Mortality associated with acute kidney injury (AKI) is approximately 50% in spite of advances in medical therapy [1,2]. Timely recognition of AKI and its causes could lead to better understanding of the pathophysiology and improve outcomes. Unfortunately no reliable diagnostic markers which can predict the cause of AKI are currently available. The two most common causes of AKI are prerenal azotemia (PRA) and acute tubular necrosis (ATN) [1–3]. Identification of markers that predict which of these diseases is present would allow earlier and more appropriate therapy. The most common method to differentiate ATN from PRA is to determine the fractional excretion of sodium (FENa) in the urine . The FENa is typically low in PRA and higher in ATN. However, treatment with diuretics increases the FENa in PRA. In addition to the problem with diuretics, FENa often gives incorrect results in other situations [5–8]. Because of the difficulty differentiating between these conditions, new markers are necessary.

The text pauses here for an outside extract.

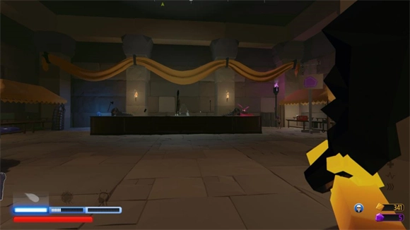 4、在地牢冒险的过程里,偶尔会碰到一些特殊怪物,它们大多是难度高于当前关卡的存在,比如在第一关就出现第三关的怪物。像体型巨大的金色矿石怪,击败它们后会掉落蓝币。蓝币的位置在金币之上,这些蓝币能够在职业室附近兑换特殊的永久升级道具。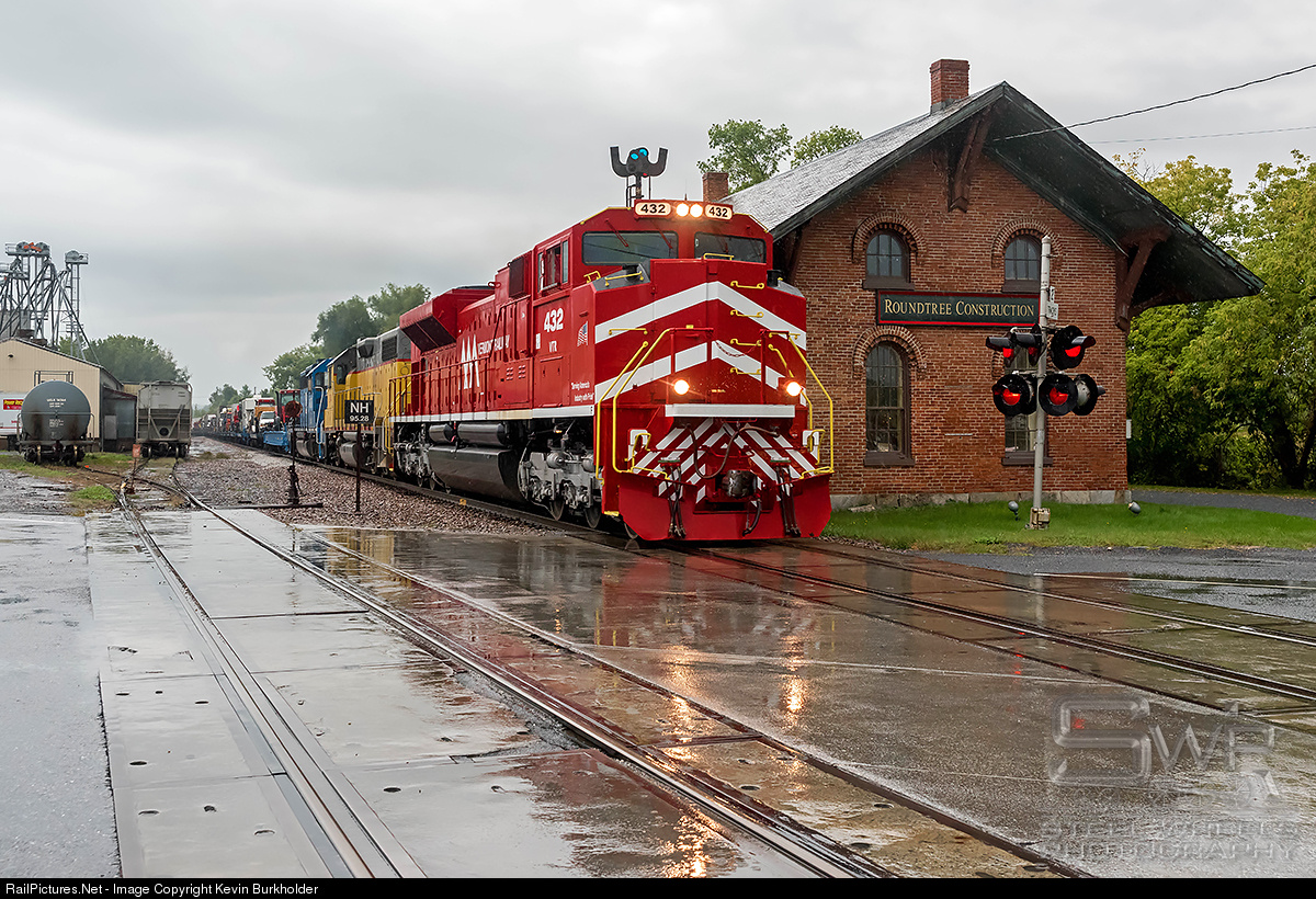 Two firsts for the Vermont Railway on September 5, as the first southbound move of the Strates Carnival Train departs Burlington, Vermont, behind Vermont Railway SD70M-2 432, which is making its first lead trip on the Northern Subdivision as seen southbound in steady rain at New Haven, Vermont..

Several urine protein markers of tubular injury have been proposed including serum proteins like albumin, alpha-1 microglobulin, beta 2-glycoprotein and plasma retinol binding protein [9,10]. Proteins of renal tubular origin which are potential markers include NHE3 , N-acetyl-glucosaminidase (NAG) [12,13], neutrophil gelatinase-associated lipocalin (NGAL) , cytokines and proteases . Kidney Injury Molecule-1 (KIM-1), a proximal tubular brush border protein which is upregulated by injury, was identified as a potential urinary marker of tubular injury [16,17] and a combination of KIM-1 and NAG have been used to predict the need for renal replacement therapy in patients with acute kidney injury . Urine levels of the two proteins, along with four clinical variables, predicted the need for renal replacement therapy better than any of the factors alone. IL-18 is known to be a mediator of AKI in animal models. Urine levels of IL-18 correlate with the diagnosis of ATN compared to other causes of AKI . Elevated levels of NGAL were highly correlated with AKI in a study of patients seen in an emergency room . These markers have been used to identify early tubular injury or to provide prognostic information but have not been used to distinguish ATN from PRA. Traditionally, potential biomarkers have been identified from known proteins and screened individually for their diagnostic potential. Proteomic methodologies can quantify multiple different potential markers simultaneously in the sample to provide a more powerful analysis [20–22]. Previous studies of urine biomarkers have shown an advantage in sensitivity and specificity using combinations of markers rather than a single marker [12,23].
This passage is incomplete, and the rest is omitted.